Trump has been pressuring Powell to ease rates since assuming office in 2025, blaming his policies for holding back the economy and even threatening to fire Powell.
As on December, the effective interest rates stand at 3.64%, following a 0.25% rate cut last month. Although the Fed is in an easing cycle, it's likely to hold rates in its next meeting as labour conditions are relatively stronger and don't warrant an immediate rate reduction.
This may have triggered Trump's ire to replace Powell with a dove, who would deliver regardless of whether the economic conditions warrant what is being sought. Such a move will lower borrowing costs, but the implications extend well beyond the US. Moreover, an ultra-loose monetary policy stokes inflation, and weakens the Fed's ability to respond if the economy slows down as witnessed in the past.
For instance, during the 1970s, former Fed chair Arthur Burns succumbed to pressure from President Richard Nixon to keep rates low, stoking inflation so high that it earned him the unwanted title of being the worst Fed chair in history.

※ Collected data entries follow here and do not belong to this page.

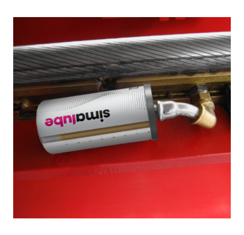
The simalube lubricator is installed directly on the cable saddle and provides constant lubrication.

«Considerable time-savings for maintenance professionals thanks to automatic lubrication»
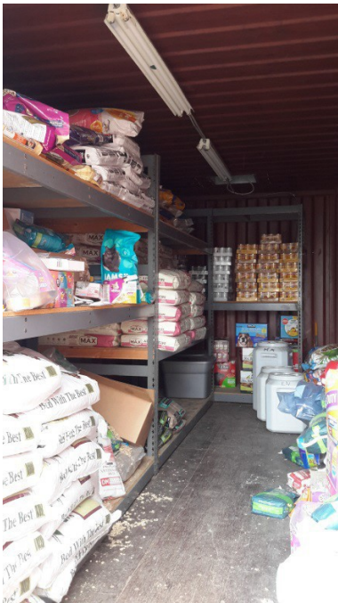
Food and Litter Storage
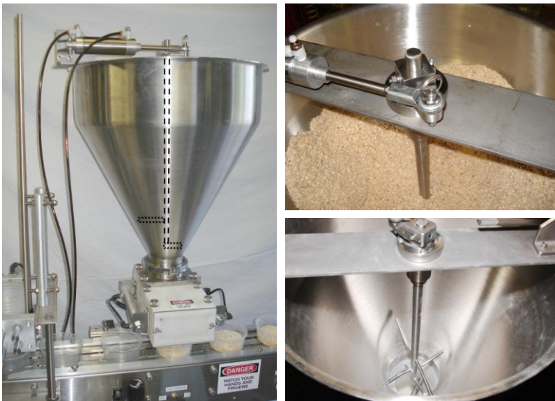
Optional Product Agitator keeps product from bridging
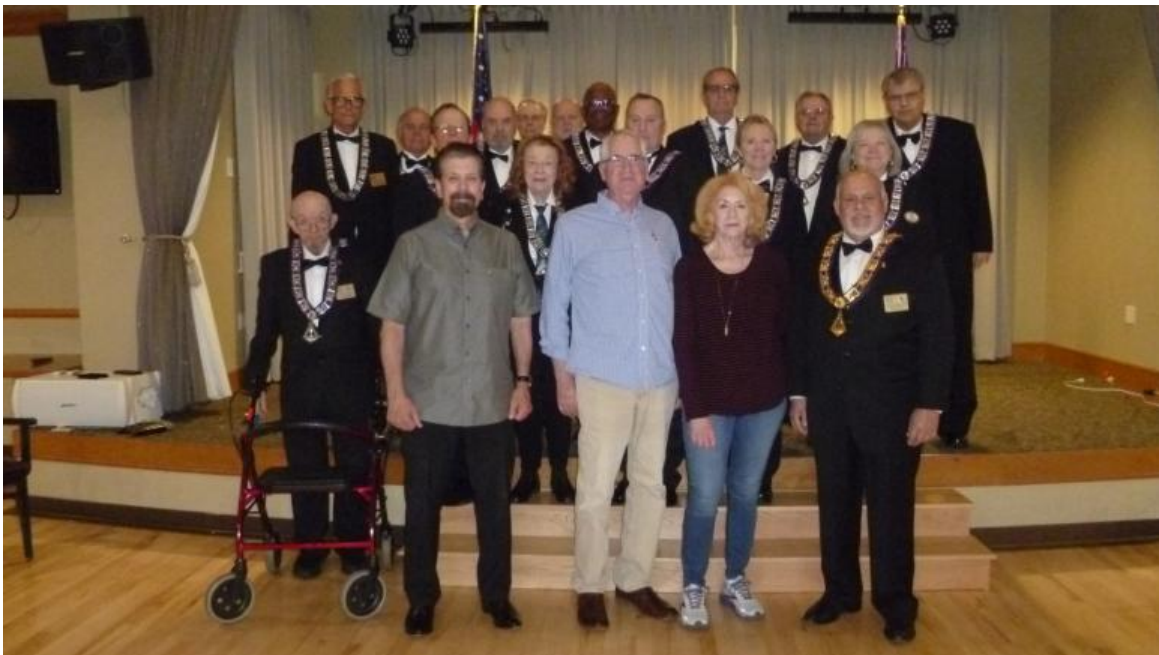
April's Initiation Class
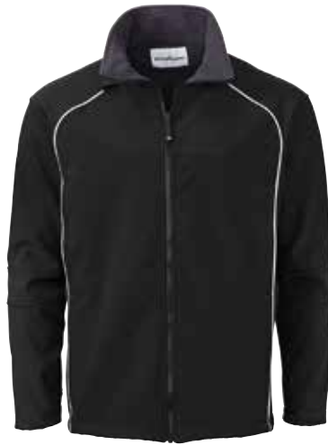
WearGuard® System 365® FusionTec™ Jacket 82006

The emotional scars are forever etched fresh in investors' memories, who bat for an independent Fed to determine short-term rates, which then will be fed into long-term borrowing costs like mortgages by financial markets. Importantly, investors demand higher yields on government bonds, which in turn raises borrowing costs, if they sense that inflation remains persistent. Above all, the Fed wields extensive power, not just over the US economy, but also influences global markets, which mirror Fed's rate hikes or cuts depending on domestic economic conditions.
When central banks cut rates, borrowing becomes cheaper, encouraging spending, accelerating growth and creating jobs. When they raise rates, borrowing becomes expensive, moderating demand and cooling down labour market.
Economists have long advocated central bank independence, as it insulates policymakers from political pressures to maintain price stability. If central banks become entangled in partisan politics, not only their credibility suffers, but also inflation becomes harder to control.
Meanwhile, as Powell nears the end of his term in May, uncertainty is high about where the Fed's monetary policy is heading at a time when inflation remains above the Fed's 2% target, and the labour market is showing signs of cooling.
Even though Powell's term ends in May, he has the right to remain on the Fed board until January 2028, denying Trump another Fed appointment. As the Supreme Court last year ruled, a president cannot fire the Fed chair just because he doesn't like the chair's policy choices.
However, Trump may be able to remove Powell for a cause, typically interpreted to mean some kind of wrongdoing or negligence. The criminal indictment against Powell, some believe, stems from this direction.